Workshop: Model Training, Tuning & Evaluation With Google Teachable Machine
Background
When designers want to evaluate a design, they typically create a prototype and observe how people experience using it. Not so with machine learning practitioners: they assess their work using statistical techniques and quantitative metrics.
As a designer working on an ML-enabled product, you need to understand what metrics ML practitioners care about so that you can ensure the focus is not only on model performance in narrow terms but also in a broader sense concerning responsibility.
Learning Objectives
After completing this workshop, you can tune a machine-learning model and understand some basic concepts used in model training, tuning, and evaluation.
Instructions
- Combine the images each of your group’s members has collected during last week’s homework into one set.
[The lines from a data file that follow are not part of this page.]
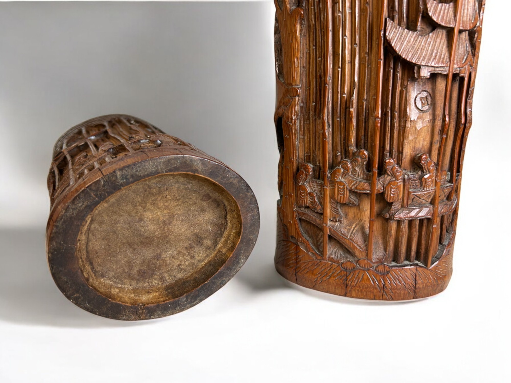 Deep carved landscape scenes.
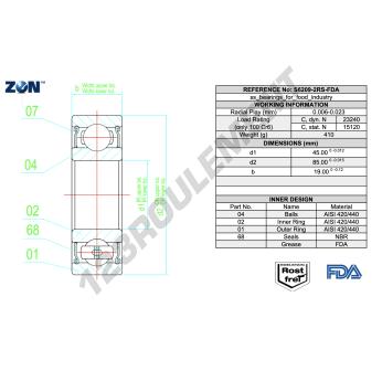 Le Roulement à Billes, connu sous la référence S6209-2RS-FDA-AISI420-ZEN, de la marque ZEN, possède un diamètre intérieur de 45mm, un diamètre extérieur de 85mm et une épaisseur de 19mm.
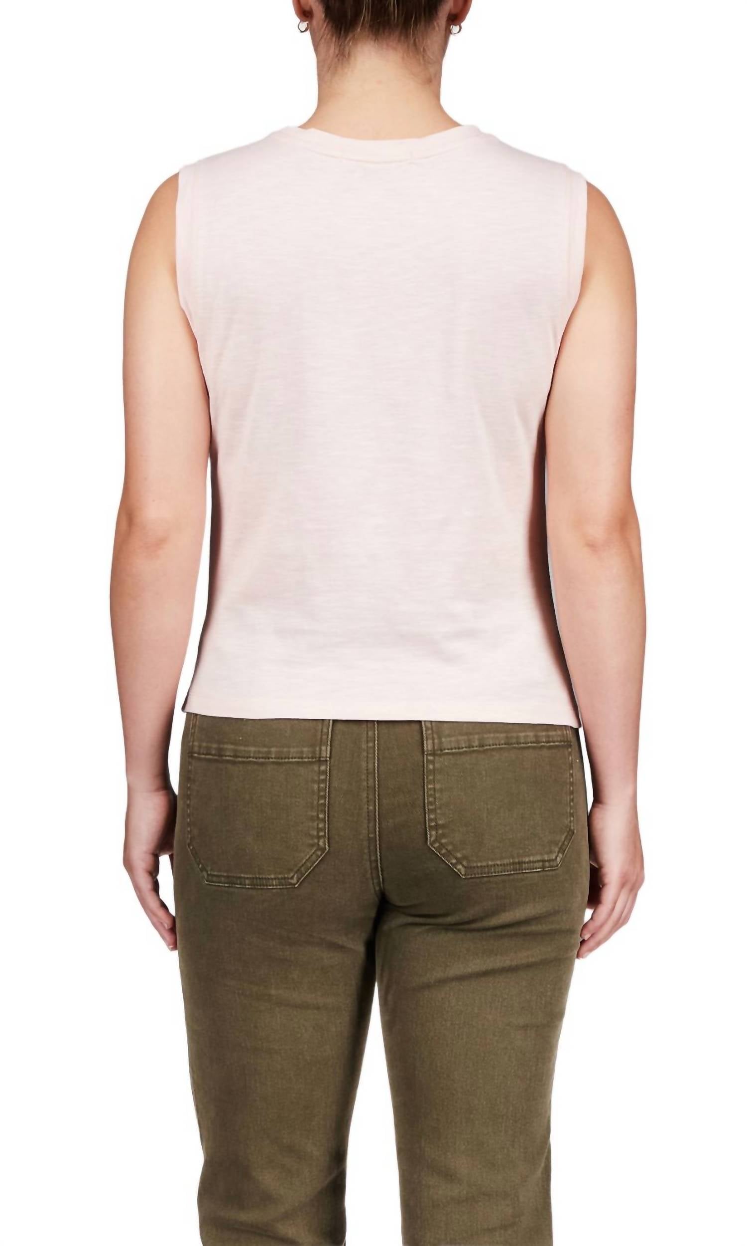 Fit, fabric and functionality. This tank top checks all the boxes. Details: Pull-On Sleeveless Tee Draped Detail At Front Crew Neck Relaxed Fit 51% Cotton, 49% Rayon
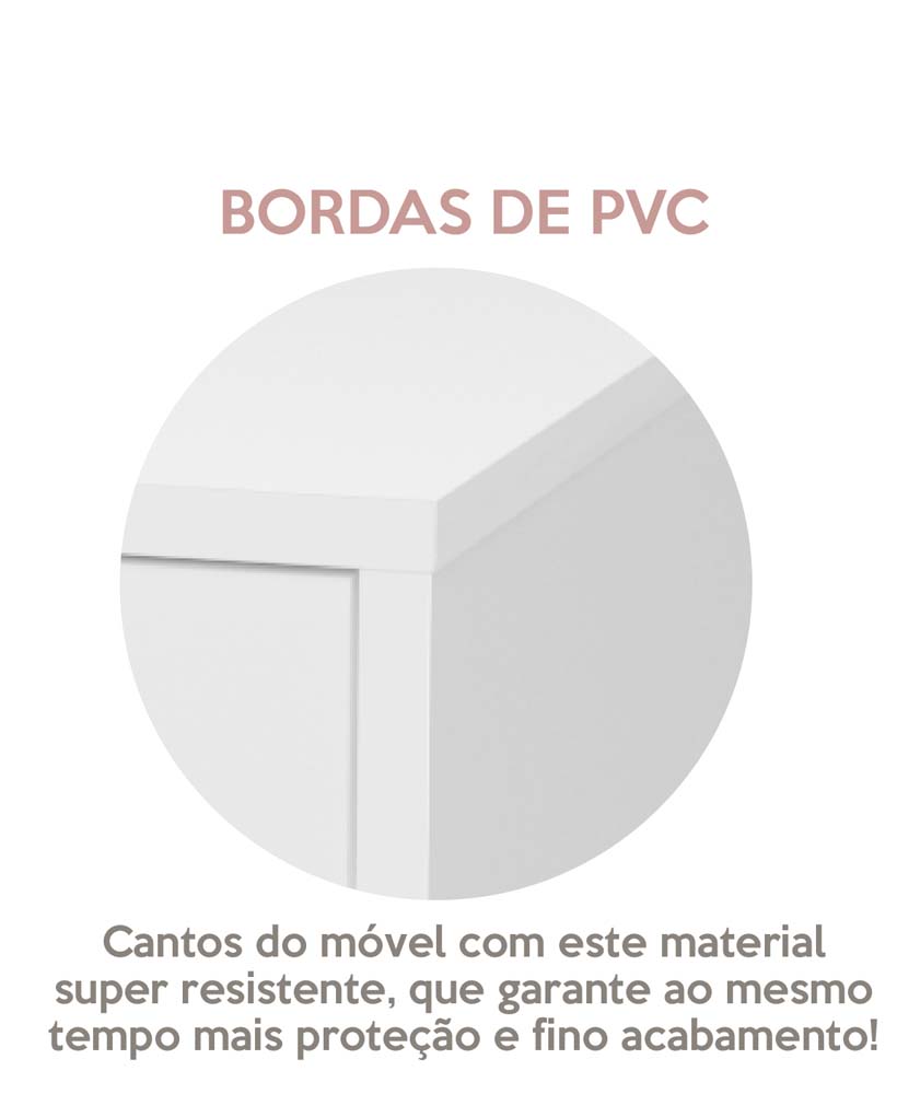 - Estrutura em MDP 15mm com fita de borda PVC com 0,45mm de espessura;
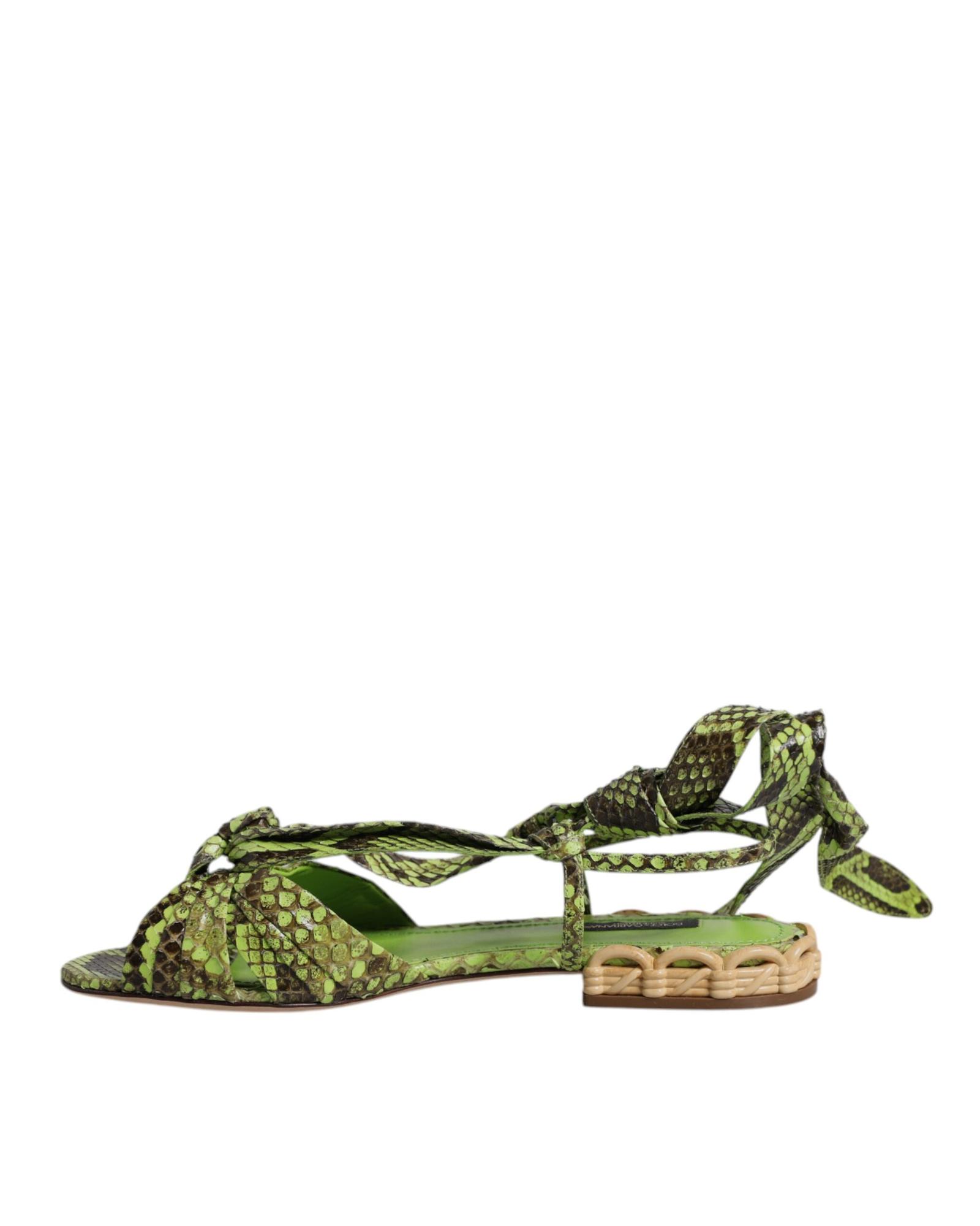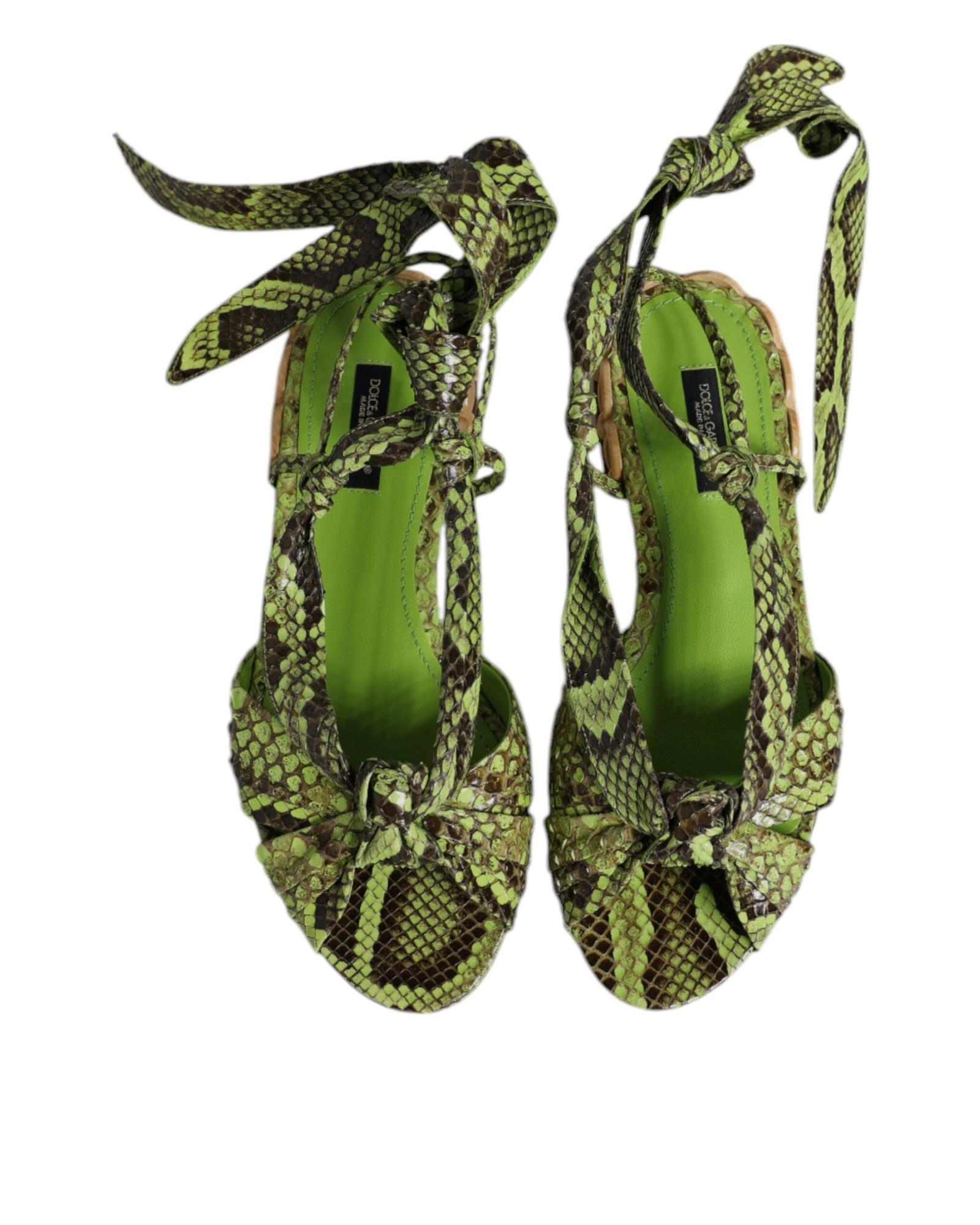 Dolce & Gabbana Women’s Green Animal Print Ankle Wrap Sandals Shoes – 37.5 EU
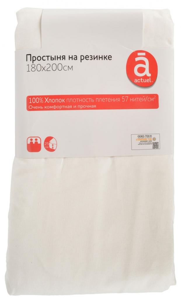 Простыня на резинке 2-спальная Actuel хлопок белая, 180х200 см
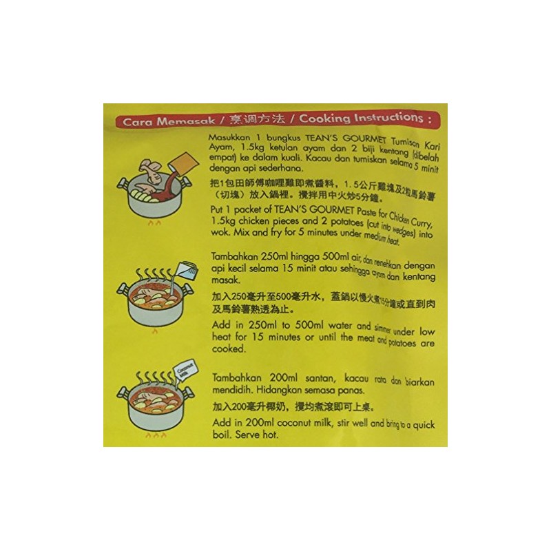 - Recipe: Put 1 packet of TEAN'S GOURMET Chicken Curry Paste (200g), 1.5kg chicken pieces and 2 potatoes (cut into cubes) into the wok. Mix and fry for 5 minutes under medium heat. Add in 250ml to 500ml water and simmer under low heat for 15 minutes or until the meat and potatoes are cooked. Add in 200ml coconut milk, stir well and bring to a quick boil. Serve hot.
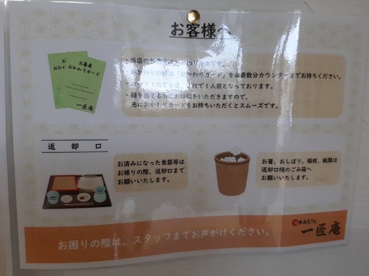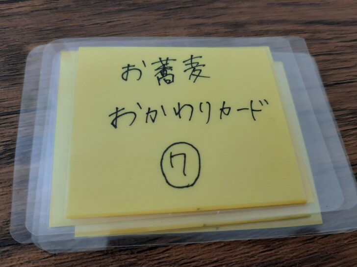 食べ放題の蕎麦のおかわりには、「おかわりカード」を店員さんに渡します。1枚で半人前、2枚で1人前になります。

- Ensure the dataset you are working with relates to your design project.
- Go to Google Teachable Machine, click “Get Started,” and create a new Image Project.
- Create your classes.
- Upload your training data to each class.
- Click open “advanced” and click “under the hood.”
- Train your model.
- Watch the graphs as they are created.
- Calculate “accuracy per class” and “confusion matrix.”
- Understand what is happening using the explanations under “vocab” and the question mark icons following the various screen elements.
- Change epoch, batch size, and learning rate to try and improve your model’s performance.
- Take a screenshot each time after you have changed settings and retrained your model, and put the screenshot on your board.
- When you have at least three screenshots, go to your online workspace board and add notes next to each part of the “under the hood” panel.
- In each note, explain what it shows and why you think the metrics are how they are.
Product
Upon completion of this activity, you will have produced the following:
- A trained model in Google Teachable Machine, uploaded to the cloud, related to your concept design project.
- On your board – three screenshots of Teachable Machine, each with a different set of training settings:
- For each screenshot, make sure the advanced training settings are visible (epochs, batch size, etc.)
- Ensure the under-the-hood panel is visible and the ‘accuracy per class’ and ‘confusion matrix’ are shown.
- Add a note next to each item of the under-the-hood panel explaining why you think the metrics shown are the way they are – four notes in total: (1) accuracy per class, (2) confusion matrix, (3) accuracy per epoch, and (4) loss per epoch.
Follow-up
We will discuss your findings during the plenary later in the day.